On January 22nd 2014 two academic researchers released a paper titled ‘Epidemiological modeling of online social network dynamics’. The two researchers were John Cannarella and Joshua Spechler, both of Princeton University.
In this study they looked at how you could use models from the spread of infectious diseases to model the rise and fall of Online Social Networks. They used raw data from Google Trends to ascertain levels of popularity of an OSN and used MySpace as historical evidence of accuracy.
The decline of Facebook – Google trends
Their findings? The decline of Facebook, which, according to them, will be no longer be around by 2017. This was based on best-fit predictions due to an apparent decrease in popularity and interest in Facebook, which was based on search volume declining on Google.

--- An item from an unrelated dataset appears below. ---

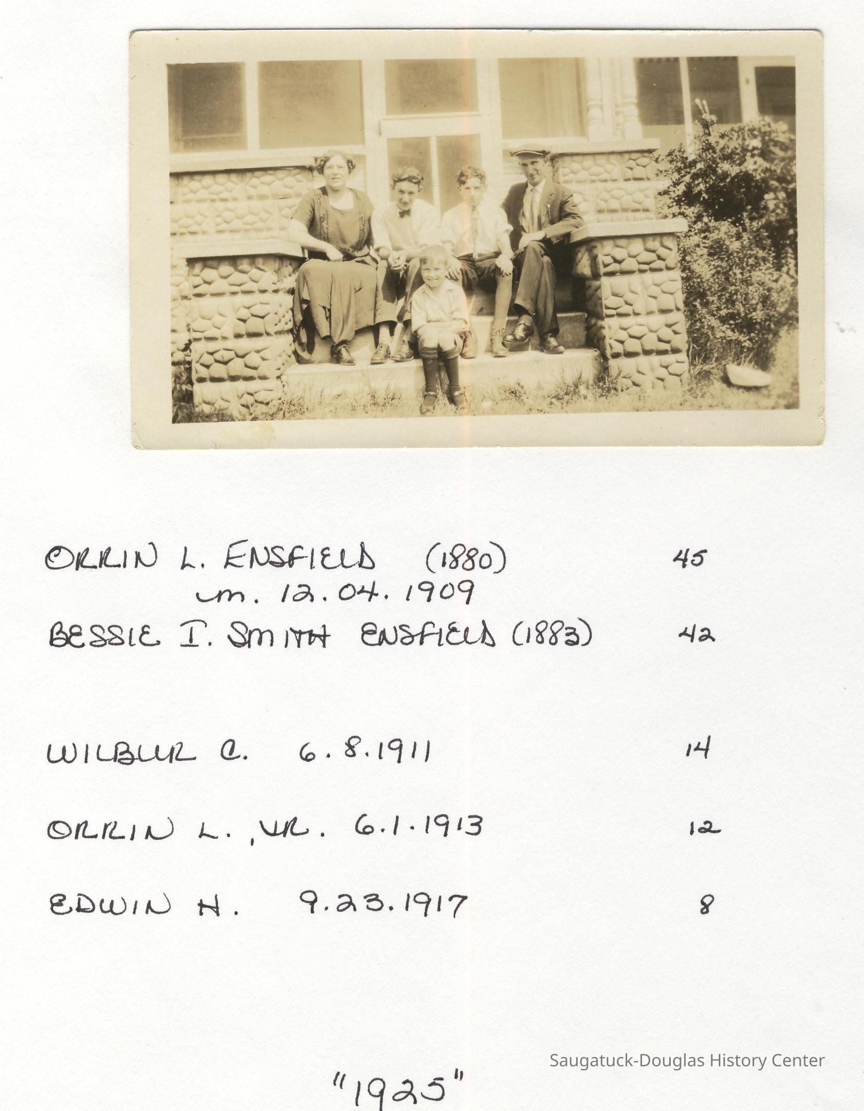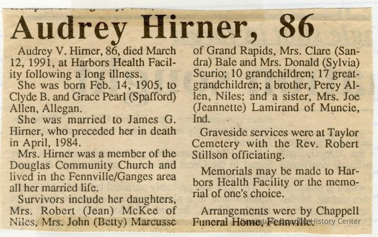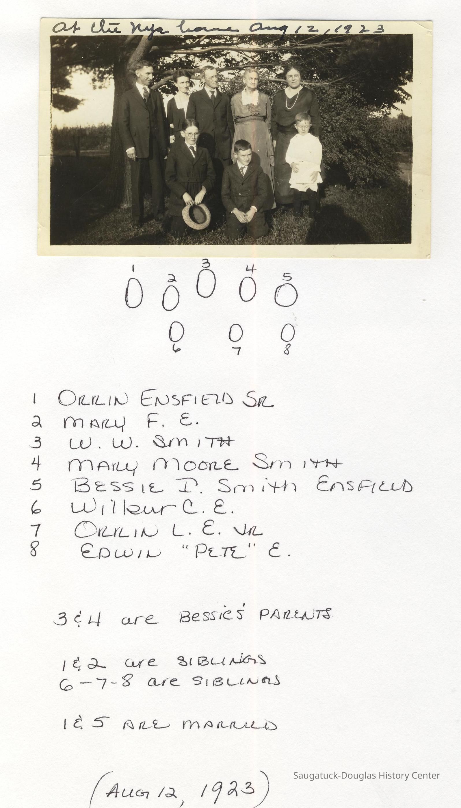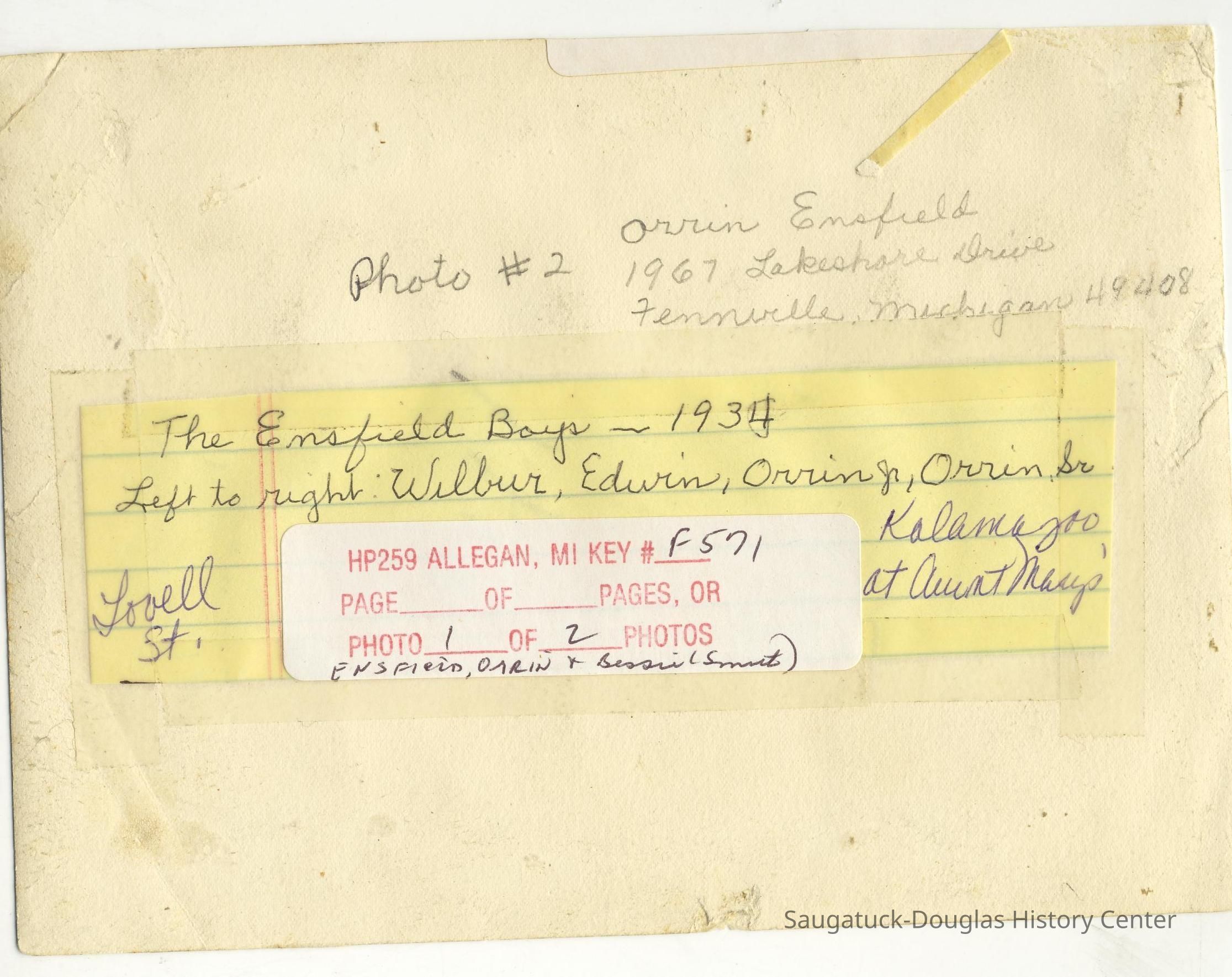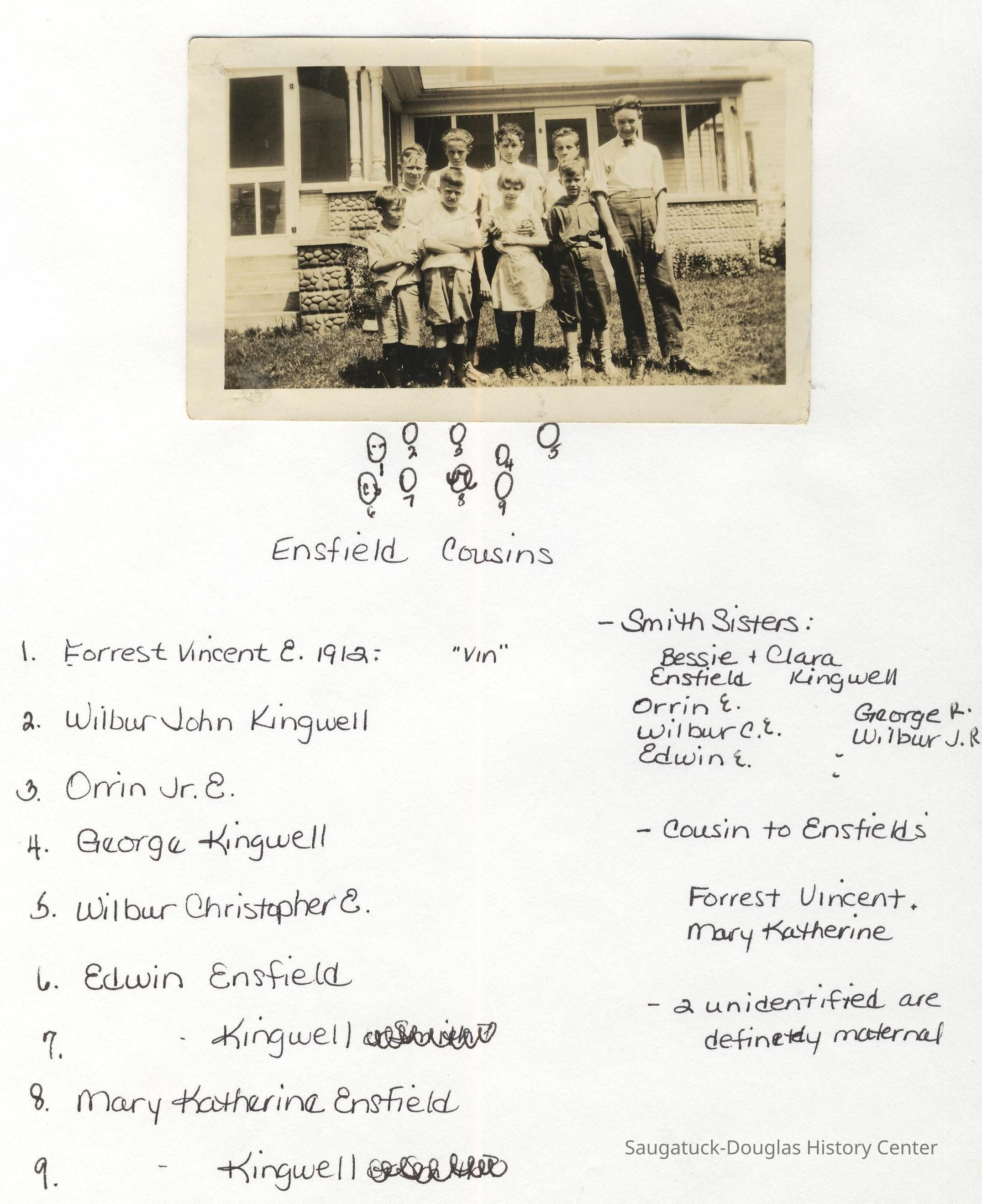 Ensfield and Grosvenor family research information including scans of photos, obituaries and funeral programs collected by Chris Yoder. Many of the subject people have Fennville and Ganges farming connections.

Search interest over time for ‘Facebook’ as taken from Google Trends (24th Jan 2014)
Facebook strike back at Princeton
In response, Facebook’s data team have delivered a rather amusing analysis of how Princeton University will no longer have any students by 2021. This was worked out by using the same core principals that was used by Messrs. Cannarella and Spechler in their Facebook study- a combination of correlation and extrapolation of various Google Trends data.
The danger of correlation
Whilst the above makes for some entertaining reading, and I recommend skimming through both papers, there are serious undertones. Firstly the paper by Mr. Cannarella and Mr. Spechler could have financial impact on Facebook if current shareholders take it at face value. As with all publicly traded companies, media coverage can and will continue to effect share price. As of the end of trading yesterday shares of Facebook had dropped by 1.53% to $56.63. However after hours trading may well buck this small decrease, so it looks like this research may have little impact on Facebook’s value.
The serious point to this episode, however, is that correlation, in isolation, can mean nothing and must not be taken at face value. Correlation coefficient is measured by a P value that sits between -1 and 1, the closer to 1 the stronger the positive correlation and the closer to -1 means the stronger the negative correlation. There are an abundance of examples however where P values indicate strong correlations but are clearly 2 sets of meaningless data that have no relationship in real life. Coupled with that are the dangers of extrapolating data sets. To highlight the issues with both these methods I have dug through my bookmarks to find a few statistic ‘jokes’ that are always worth keeping at front of mind when looking at any data analysis:
The dangers of extrapolation!
Who knew Internet Explorer was such a killer
Clearly increase in Vitamin C consumption must decrease accidents
What can you learn from the Princeton and Facebook study?
Hopefully this has served as a friendly reminder on how statistics can and will continue to be taken out of context. We spend a lot of time ensuring that we fully understand the context of our clients’ business when developing and measuring digital strategies to ensure we have a clear understanding of what we need to measure, the caveats of the measurement tools and the context within which the data can be interpreted. Without a full comprehension you run the risk of following data blindly and potentially shifting resources and strategies in the wrong direction based on faulty assumptions.